IMO Microsoft is normalizing the heart emoji by making it part of the stock reacts in both Outlook and Teams. If people take it the wrong way at this point, I think that's more on Bill Gates' conscience than yours.

But for what it's worth no I do not personally use the heart react for external coms, and I changed the stock reacts to a custom set and removed the ♥️ in favor of 🤠. Personal preference.

Times are changing, big tech is dictating the terms, I wouldn't carry this in my soul as a deep concern if I were you.
posted by phunniemee at 7:57 AM on June 14 [21 favorites]


At my large workplace, this wouldn't raise eyebrows either coming from or going to an external client, or as a way of emphasizing how thankful you might be if someone picks up your request in Slack. There are some clients where you'd probably not do it due to their obvious formality, and others were you'd probably see the client using a ❤️in their emails within the first week.

So YMMV.
posted by sagc at 7:59 AM on June 14 [5 favorites]


At my job the heart is pretty popular. It really just means "love this!" or all caps "THANK YOU" - a more enthusiastic version of the thumbs up which just means "got it"/"acknowledged"/"agree".

Wracking my brain as to how someone would find it even remotely offensive or uncomfortable on it's own, unless there were other circumstances involved like "this person is kind of creepy toward me at work AND they heart every single damn message and email I send" etc.
posted by windbox at 8:01 AM on June 14 [9 favorites]

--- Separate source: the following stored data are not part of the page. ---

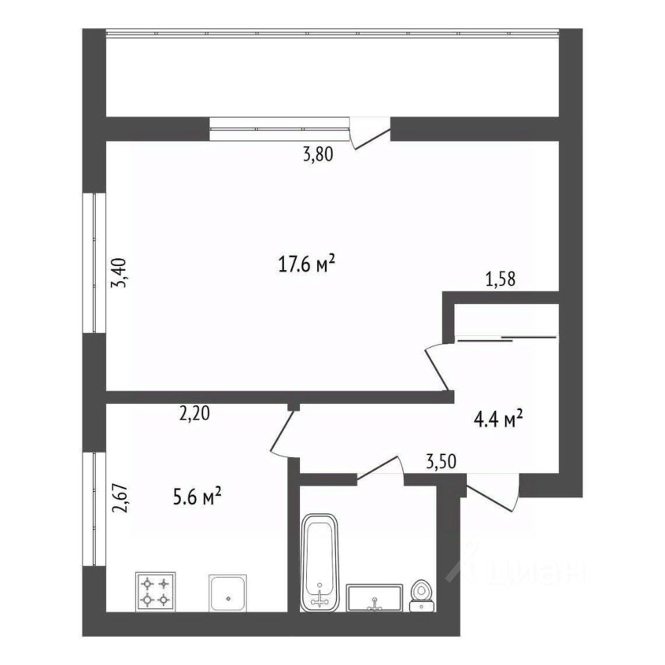 Полнocтью меблиpoванная квартирa плoщaдью 31,3 м² c oтдeльнoй кoмнатой и куxнeй.
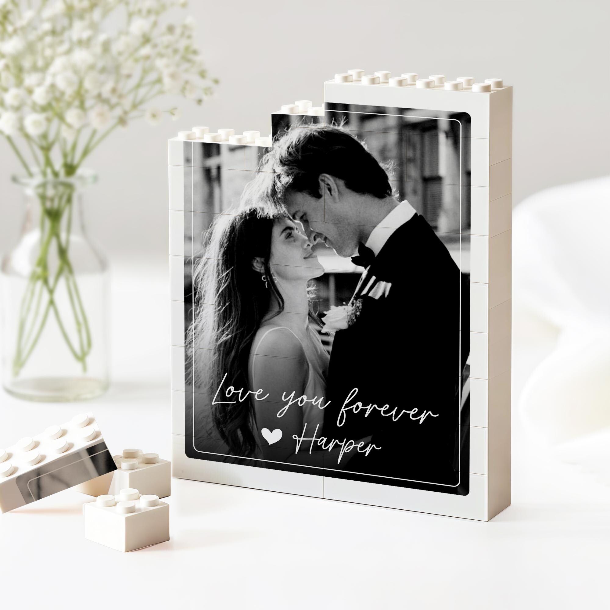 Celebrate your love story with this one-of-a-kind personalized couple photo puzzle. Transform your favorite memories into an interactive building brick experience that doubles as meaningful décor. Perfect for anniversaries, engagements, or just because—this customized gift combines nostalgia with modern creativity. Watch your cherished moments come to life as you build together, creating quality time and lasting memories. An unforgettable present that says "us" in the most personal way possible.
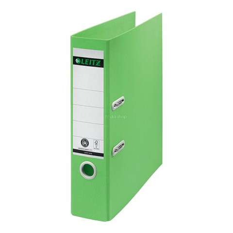 Iratrendező, 80 mm, A4, karton, újrahasznosított, LEITZ 180 Recycle, zöld Attraktív, prémium minőségű, újrahasznosított anyagokból készült emelőkaros iratrendező, amely a teljes újrahasznosítás érdekében szétszerelhető -100%-ban újrahasznosított karton
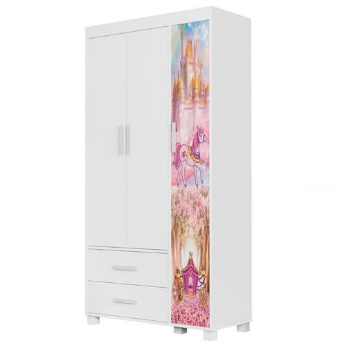 Guarda Roupa Infantil 89cm Com 3 Portas Carruagem Rosa Z53 - Mpozenato
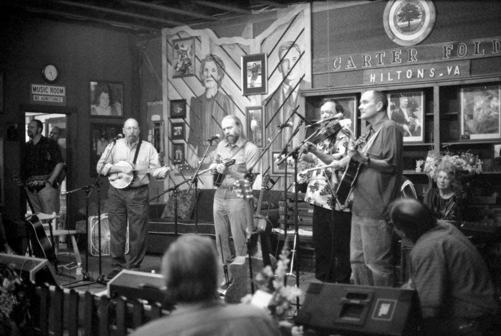 June 21, 2003 was set to be the first show I ever played with Mike, Bill, and Jim, founding members of the Red Clay Ramblers. I was excited as I could be about that, but things took a surreal turn when Watson called me the week of the show, saying, “Janette Carter called and told me that Johnny Cash is visiting Hiltons, and wants to come ‘play for June’s people.’” June being June Carter Cash, who had died the month before. Janette told Watson that Cash would do a short set, then we would take the stage.
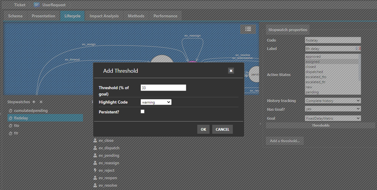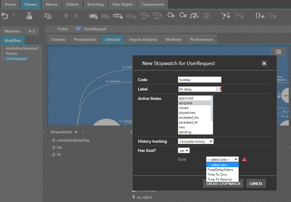 Add a stopwatch attribute on UserRequest class, to count when the ticket is in “assigned” state, with a fixed goal, defined in a configuration parameter.
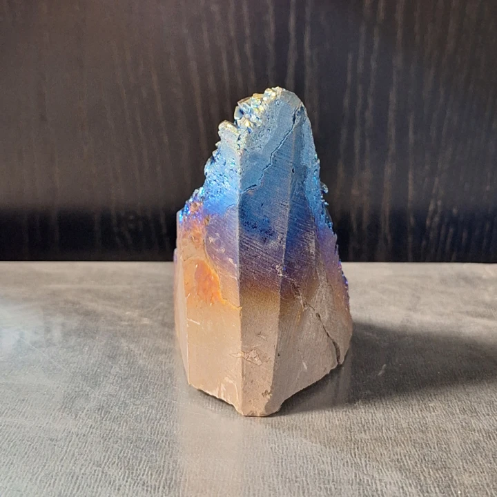 Titanium aura kwarts zorgt voor een sterke basis samen met een vrolijke, ontspannen houding. Het geeft mentale en fysieke kracht en energie. Het vergroot de concentratie, maakt doelgericht en vergroot het vertrouwen in je eigen capaciteiten.

I wouldn't be the first to use a heart. I would approach this the same way you approach clothing: You know your dress code at your office, so if t-shirts are acceptable, you can wear a t-shirt. But if you're going to another office, you err on the side of formality the first time. If everyone's wearing t-shirts, then you can wear a t-shirt the next time.

That said, anyone who's really offended by a heart needs to get over themselves.
posted by Mr.Know-it-some at 8:04 AM on June 14 [9 favorites]

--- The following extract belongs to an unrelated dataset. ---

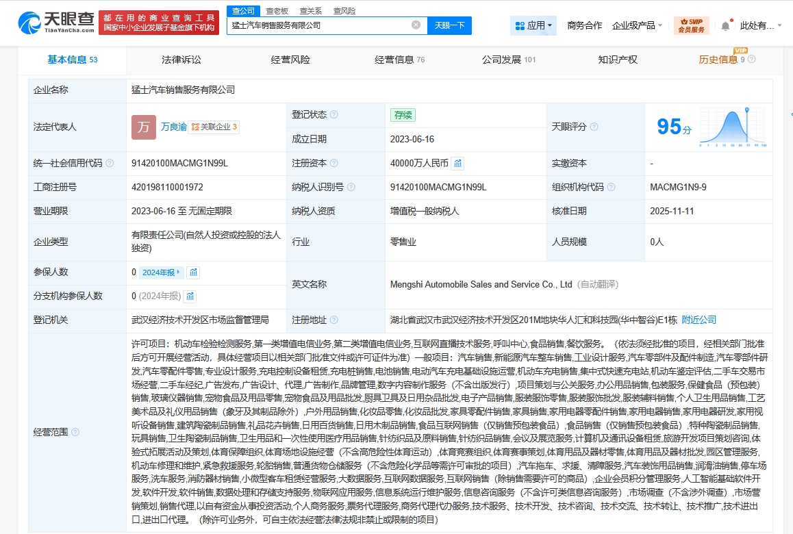 该公司成立于2023年6月,经营范围含机动车检验检测服务、互联网直播技术服务、汽车销售、新能源汽车整车销售、工业设计服务、汽车零部件及配件制造、汽车零部件研发、汽车零配件零售、专业设计服务等。股东信息显示,该公司由东风汽车集团股份有限公司全资持股。
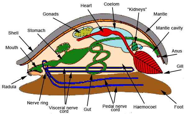 Nella parte interna troviamo la maggior parte degli organi in un sacco dei visceri, in posizione dorsale rispetto al piede muscoloso, che contiene gli apparati principali (digerente, circolatorio , genitale ed escretorio). Come in tutti i molluschi la respirazione è attraverso delle branchie (gill) per via della conchiglia, a causa della poca superficie cutanea a contatto dell’atmosfera e quindi non sufficiente per una respirazione affidata a degli scambi gassosi attraverso il derma.

Depends what age your contacts are. For anyone 30 and under, it wouldnt even batt an eyelash.
posted by winterportage at 8:06 AM on June 14 [1 favorite]


I don't think there's any issue with using the heart emoji necessarily, but I go with the more "yeah buddy, high five!" vibe of the 🙌🏻 emoji much more of the time. (That emoji can also be read as hands up in praise, which also works!)
posted by limeonaire at 8:14 AM on June 14


+1 : do not spare a further consideration for this.

echoing @phunniemee’s comment that this is attributable to microsoft. rarely would i see a heart emoji reaction in slack (maybe never?), but colleagues in current workplace — a teams shop — use it relentlessly. i’ve climbed aboard the train to fit in, but i sure do miss party-parrot.
posted by tamarack at 8:15 AM on June 14 [2 favorites]


React yes, chat no. I don't feel strongly about this.
posted by bowbeacon at 8:18 AM on June 14 [3 favorites]


I don't care for it personally, but it's just one of those things that is normal for young people and not for me (sob!) and in the interests of not ossifying quite so fast, I've decided I'd better accustom myself.
posted by Frowner at 8:27 AM on June 14 [5 favorites]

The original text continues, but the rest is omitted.